# <span style="color:green; text-align:center;display:block;">Decision Tree</span>

- A Decision Tree is a supervised machine learning algorithm used for both classification and regression tasks. 
- It works by splitting the data into different subsets based on the most significant features (decisions), forming a tree structure.
-  At each node, the algorithm asks a yes/no question, and branches are formed based on the answer.

## Structure of a Decision Tree
1. <b>Root Node:</b> Represents the entire dataset and the initial decision to be made.
2. <b>Internal Nodes:</b> Represent decisions or tests on attributes. Each internal node has one or more branches.
3. <b>Branches:</b> Represent the outcome of a decision or test, leading to another node.
4. <b>Leaf Nodes:</b> Represent the final decision or prediction. No further splits occur at these nodes.
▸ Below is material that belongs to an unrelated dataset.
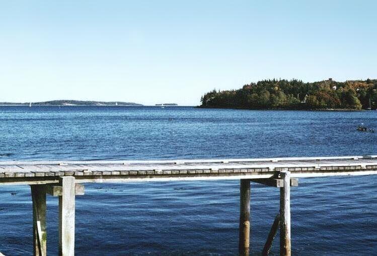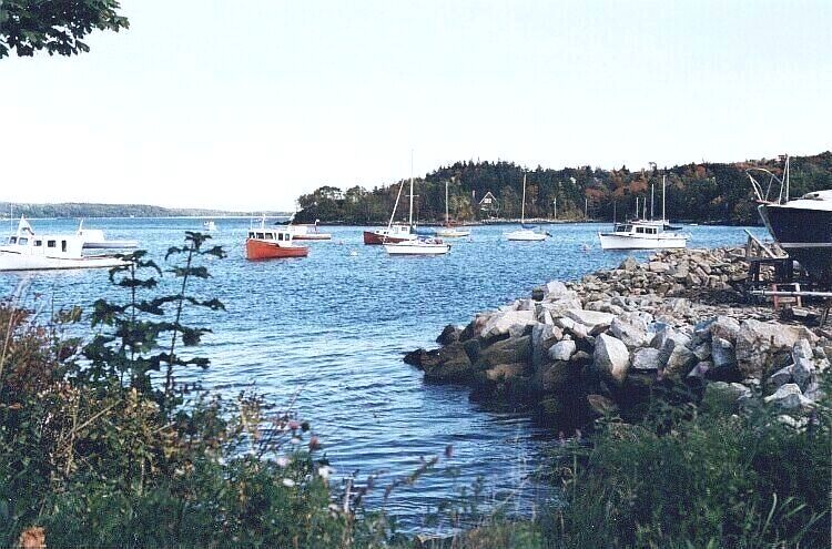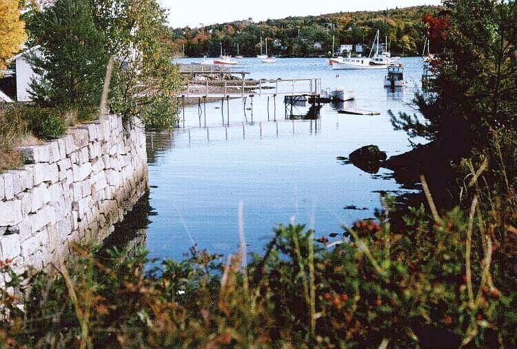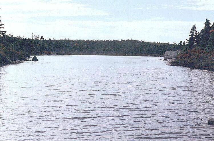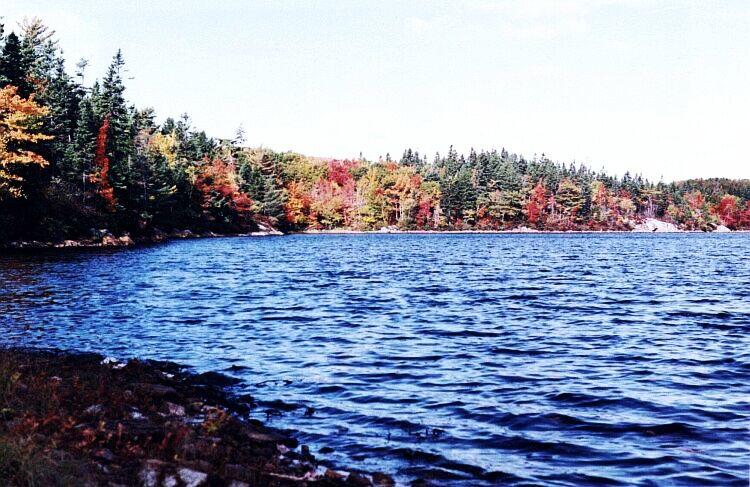 Granite Ridge between Colpitts Lake and Flat Lake - Purcell's Pond - Purcell's Cove | Next we climb on to the granite ridge that lies between Colpitt's Lake and Flat Lake. As we approach the crest of the ridge we have a view of Flat Lake through the trees. From the crest we have a view of Purcell's Pond and Halifax Harbour. Descending from the ridge, we make for the east end of Purcell's Pond, where the colours are very subdued because the sky has clouded over. We follow the stream that flows out of the east end of the lake to the sea. We arrive in Purcell's Cove, with its anchored boats and its view across Halifax Harbour to McNab's Island. |

### Metrics for Splitting in Decision Trees

When constructing decision trees, different metrics are used to determine the best way to split the dataset at each node. Here are the most common splitting criteria:

### 1. **Gini Impurity**
   - **Used in:** Classification tasks (e.g., CART - Classification and Regression Trees)
   - **Definition:** Measures the likelihood of incorrectly classifying a randomly chosen element if it was randomly labeled according to the distribution of labels in the subset.
   - **Formula:**
     \[
     Gini = 1 - \sum_{i=1}^{n} p_i^2
     \]
     Where \( p_i \) is the proportion of samples of class \( i \) in the subset.
   - **Goal:** Minimize Gini impurity at each split.
   - **Range:** 0 (pure) to 0.5 (impure).

### 2. **Entropy (Information Gain)**
   - **Used in:** Classification tasks (e.g., ID3, C4.5)
   - **Definition:** A measure of the randomness or disorder in the data. Entropy is used to calculate **information gain**, which is the reduction in entropy after a split.
   - **Formula:**
     \[
     Entropy = -\sum_{i=1}^{n} p_i \log_2(p_i)
     \]
     Where \( p_i \) is the proportion of samples of class \( i \) in the subset.
   - **Information Gain:**
     \[
     Information\ Gain = Entropy(parent) - \sum \left(\frac{n_k}{n}\right) Entropy(k)
     \]
   - **Goal:** Maximize information gain (reduce entropy).
   - **Range:** 0 (pure) to log(n) (impure).

### 3. **Variance Reduction (Mean Squared Error)**
   - **Used in:** Regression tasks
   - **Definition:** The variance reduction metric is used to minimize the variance of the target variable in each split.
   - **Formula:**
     \[
     Variance = \frac{1}{n} \sum_{i=1}^{n} (y_i - \mu)^2
     \]
     Where \( y_i \) is the actual target value, and \( \mu \) is the mean of the target values.
   - **Goal:** Minimize the variance of the target values within the child nodes.

### 4. **Mean Absolute Error (MAE)**
   - **Used in:** Regression tasks
   - **Definition:** MAE measures the average of the absolute differences between predicted values and actual values.
   - **Formula:**
     \[
     MAE = \frac{1}{n} \sum_{i=1}^{n} |y_i - \hat{y_i}|
     \]
     Where \( y_i \) is the actual value and \( \hat{y_i} \) is the predicted value.
   - **Goal:** Minimize the absolute difference between predictions and actual values.